- Book: Gospel of Matthew
- Christian Bible part: New Testament

= Matthew 28:15 =

Matthew 28:15 is the fifteenth verse of the twenty-eighth chapter of the Gospel of Matthew in the New Testament. This verse is part of the resurrection narrative, providing the story on how the unbelievers treated the facts.

==Content==
The original Koine Greek, according to Westcott and Hort/[NA27 and UBS4 variants], reads:
15: οἱ δὲ λαβόντες [τὰ] ἀργύρια ἐποίησαν ὡς ἐδιδάχθησαν. Καὶ διεφημίσθη ὁ λόγος οὗτος παρὰ Ἰουδαίοις μέχρι τῆς σήμερον ἡμέρας.

In the King James Version of the Bible this verse is translated as:
15: So they took the money, and did as they were taught: and this saying is commonly reported among the Jews until this day.

The modern World English Bible translates the passage as:
15: So they took the money and did as they were told. This saying was spread abroad among the Jews, and continues until this day. (Note: For a collection of other versions, see BibleHub: Matthew 28:15)

==Analysis==
The phrase "until this day" indicates a long interval, probably fifteen or twenty years between the events and the composition of the narrative in the Gospel of Matthew. Justin Martyr mentions the report still circulating among the Jews of his time (in the second century), that the Jews sent "chosen men" to all parts of the world to propagate it (Dialogue with Trypho Chapter 108. c. 160 CE).
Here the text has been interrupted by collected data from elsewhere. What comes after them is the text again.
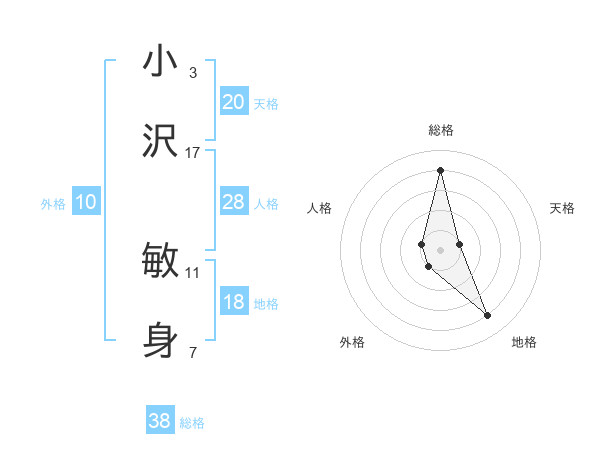 小沢 敏身さんを姓名の画数から五運を鑑定
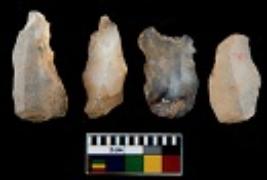 | Description / विवरण | There are n 4 utilized flake cores. There are multi directional irregular scar pattern on them. Two are tapering at one end and two have sharp edges. |
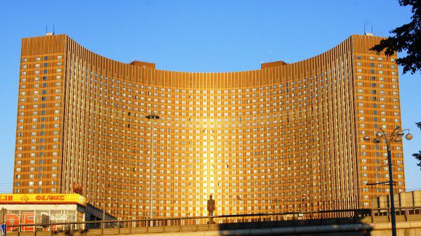 7月12日下午五点从谢尔盖耶夫城回到莫斯科市内,在一个专为中国旅游团吃饭的地方吃了此行最难吃的一顿饭,不到六点回到了酒店。团友们基本都要去看红场夜景,而我在刚来莫斯科时已看过夜景,所以决定去看上次没有看到的俄罗斯民间歌舞表演。知道民间歌舞是在宇宙大酒店的剧场演出,可导游只告诉我们酒店离那不远,步行就可以到达,但往哪个方向走没说,此时导游早不见了踪影;去问酒店前台的服务员,根本无法用语言交流,比划了半天谁也不明白谁的意思,怎么办?这时想起来宇宙大酒店在曾经去过的国民经济成就展览馆对面,我相机里有展览馆的照片。赶紧打开相机找到国民经济成就展览馆大门的照片,让服务员看,这下她明白了,把我拉到门口指了方向。
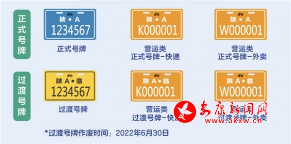 電動(dòng)自行車號(hào)牌號(hào)碼均為7位數(shù)字。正式的電動(dòng)自行車號(hào)牌底色為藍(lán)色,字體和框線為白色;過渡號(hào)牌底色為黃色,字體和框線為黑色。營(yíng)運(yùn)類號(hào)牌底色為橘色,字體和線框?yàn)榘咨?/span>
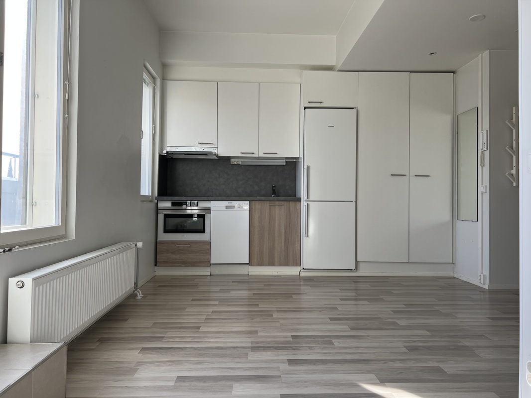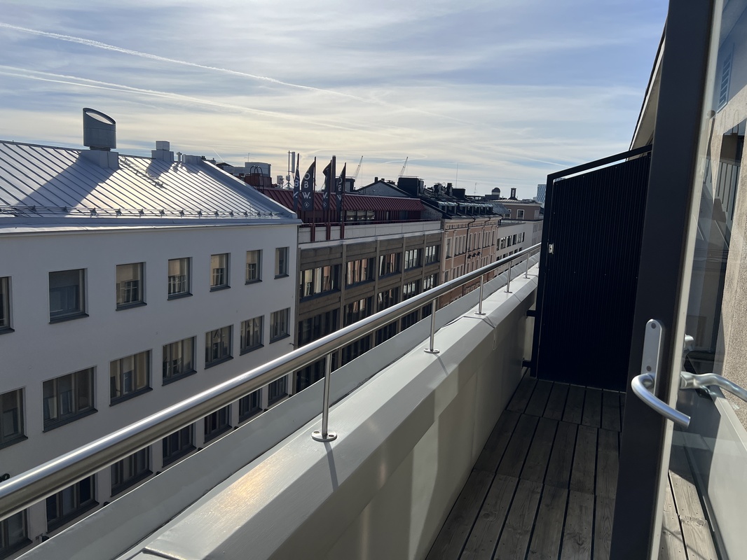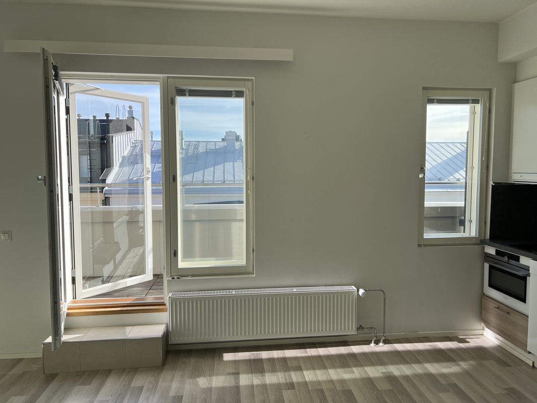 Upea ylimmän kerroksen yksiö omalla kattoterassilla ydinkeskustassa – vapautuu 1.10.2025
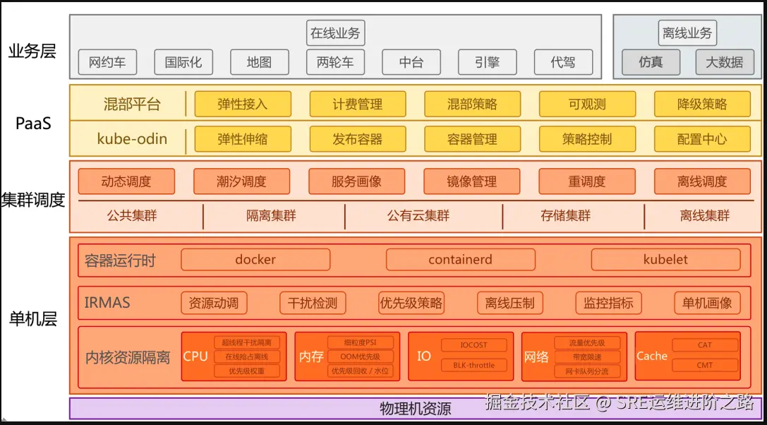- 单机如何进行内核层面的资源隔离策略,包括CPU、内存、IO、LLC cache、网络等资源,来保障高优业务的服务质量

The Jewish opponents of the Christianity (for example, Reimarus, centuries later) evidently did not dispute the historicity of the empty tomb, but rather assigned its cause to theft. This verse shows the origin of this "widely circulated" rumor of theft and answers it by showing that it was a self-serving lie fortified by money. Dale Allison argues that Matthew's Christian community definitely cared about what the contemporary Jewish community was saying.

R. T. France notes that the verb didaskō ("to teach") was used (the soldiers did as they were taught) to spread the lie, in contrast to the use of the same verb for the true teaching of Jesus in verse 20.

==Sources==
- France, R.T. (2007). "The Gospel of Matthew"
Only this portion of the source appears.